I wondered if he was married, without the ring I could not prove a thing. I saw people look at him in admiration, him in return affording a brief smile in acknowledgement.
It wasn’t one of haughtiness or pride.
But of humble recognition of the person at the other end.
I wondered what kind of man he was, His gentle exterior obscuring the masculinity that threatened to burst out of his self.
Such control could only mean one thing.
He was a man worthy of admiring.
Worthy of imitating.
Worthy of looking at, twice.
But wait.
There’s that one unspoken worth that I’m keeping inside. Yes, he was a man worthy of having.
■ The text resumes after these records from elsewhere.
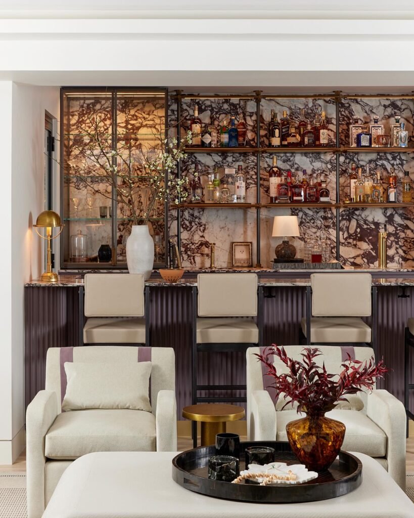 This basement bar idea showcases how statement materials can transform your entertaining space into something extraordinary. The bookmatched marble behind floor-to-ceiling shelving creates a dramatic focal point that rivals any upscale restaurant or hotel bar.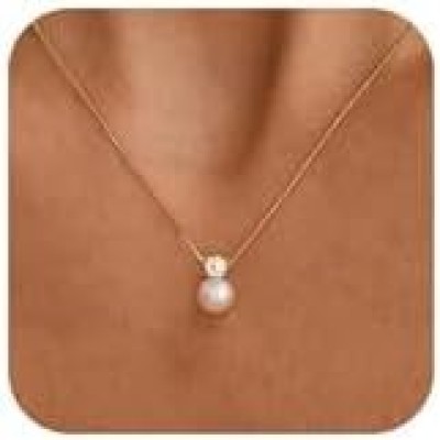 Pearl Necklaces for Women, Dainty Gold Necklace 14K Gold Plated Charm CZ Pearl Pendant Necklace Simple Gold Pearl Choker Necklaces for Women Trendy Wedding Womens Jewelry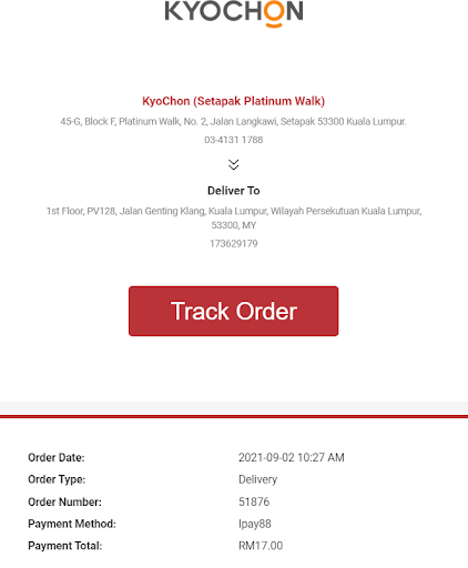 I received a newsletter from Kyochon for the free delivery voucher so I ordered one through the main website and placed my order with the vouchers. I set it for delivery at 12.30 pm (2/92021).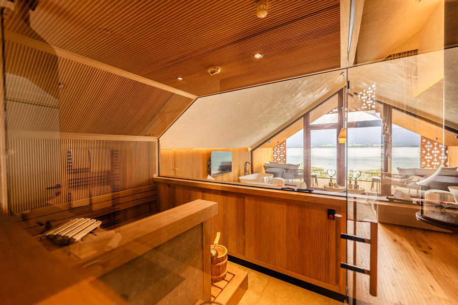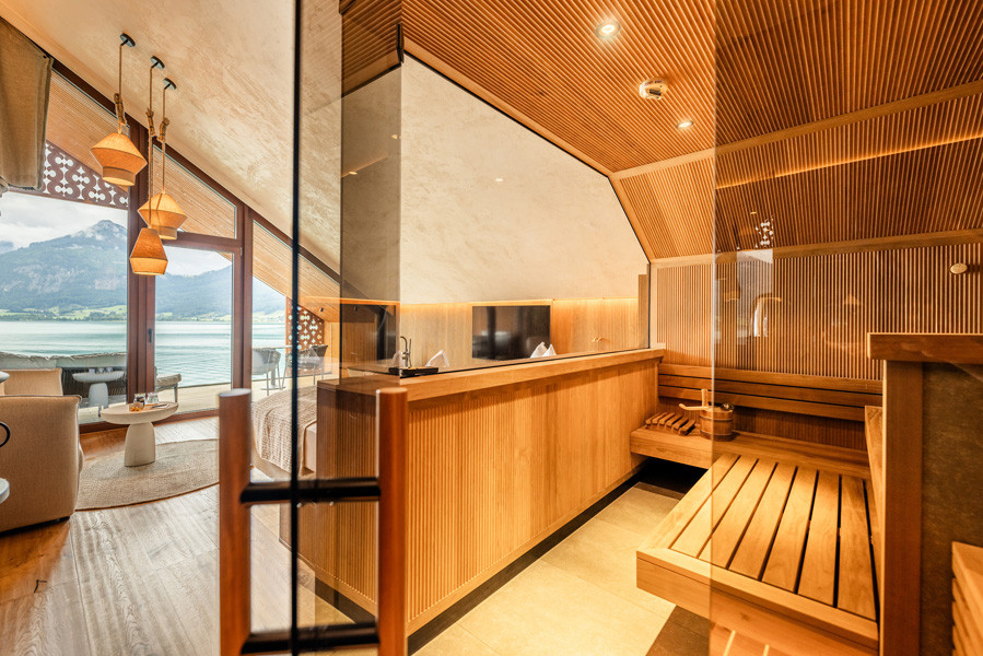 Hinzu kommen ein Rooftop Fitness & Yoga-Bereich, ein Massageraum mit Seeblick sowie ein Ruheraum mit Kamin, ein beheizter Outdoor-Infinity-Pool und ein Saunabereich mit Seezugang.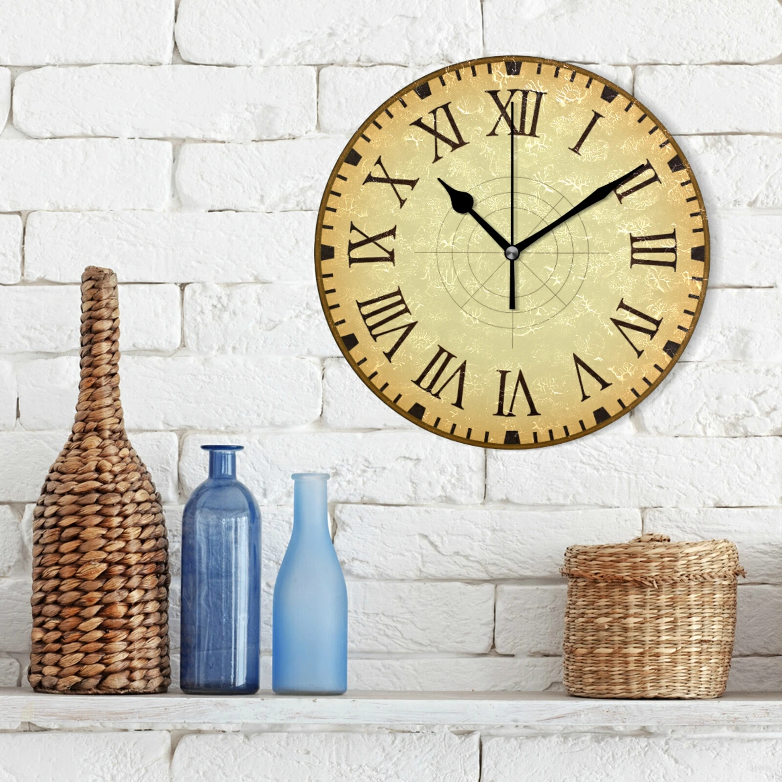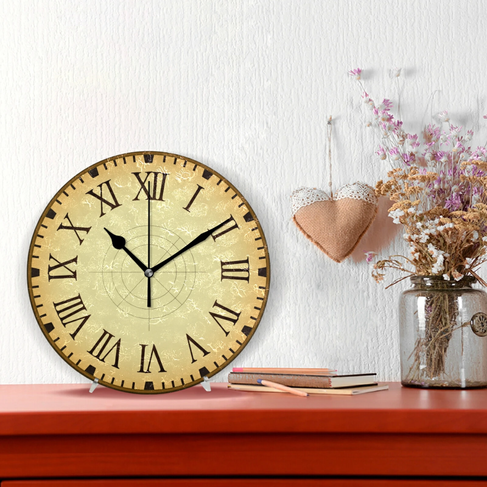 Винтажные потертые настенные часы с цветочным принтом, тихие круглы...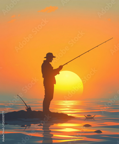 Serene twilight fishing as the sun sets over tranquil waters creating a captivating silhouette of a solitary angler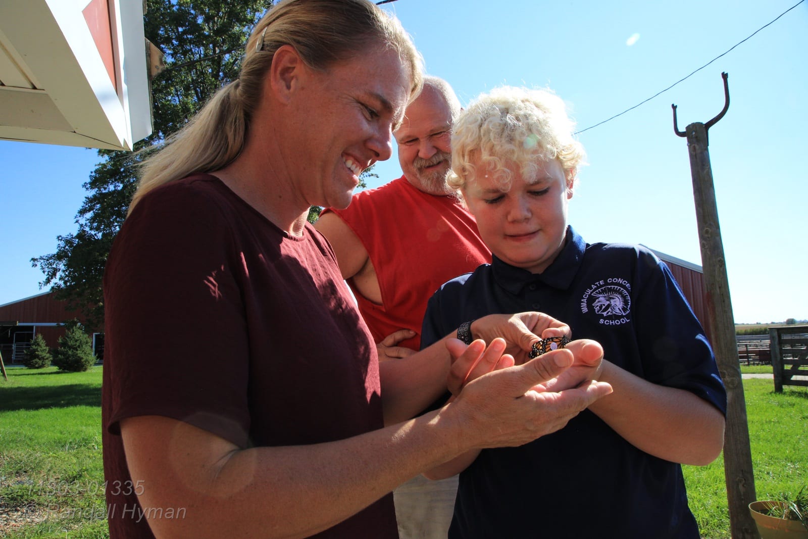 - Robin Corzatt and son Logan (age 12) release newly-tagged monarch butterfly on their farm as father Brad looks on; Berwick, Illinois.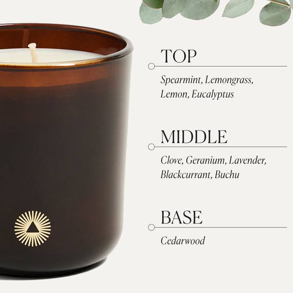 Featuring 100% natural fragrances and naturally derived soy rapeseed wax, this candle features three cohesive scent notes: Spearmint, lemongrass, lemon and eucalyptus across the top. Buchu, clove, geranium, lavender and blackcurrant throughout the middle, and a cedarwood base for grounding.

For myself.
I was single.
I loved him from a distance.
Behind the queue at the till.
Being the traffic at the filling station.
Behind the line at the cinema buying popcorn.
This one day, the day I kick myself over and over for.
Our eyes met. He didn’t look away and neither did I.
You see I often avoided eye contact, and would steal a glance. Only when I thought he wasn’t looking.
I realise he always looked. My way.
But that day, I didn’t look away.
He smiled, if only for a moment. I was happy. I was floating and I had butterflies in my tummy.
That lock was broken by the many bodies that passed between us.
I promised myself I’d say hi next time.
There was going to be a next time right? Because there was more of these moments before this one.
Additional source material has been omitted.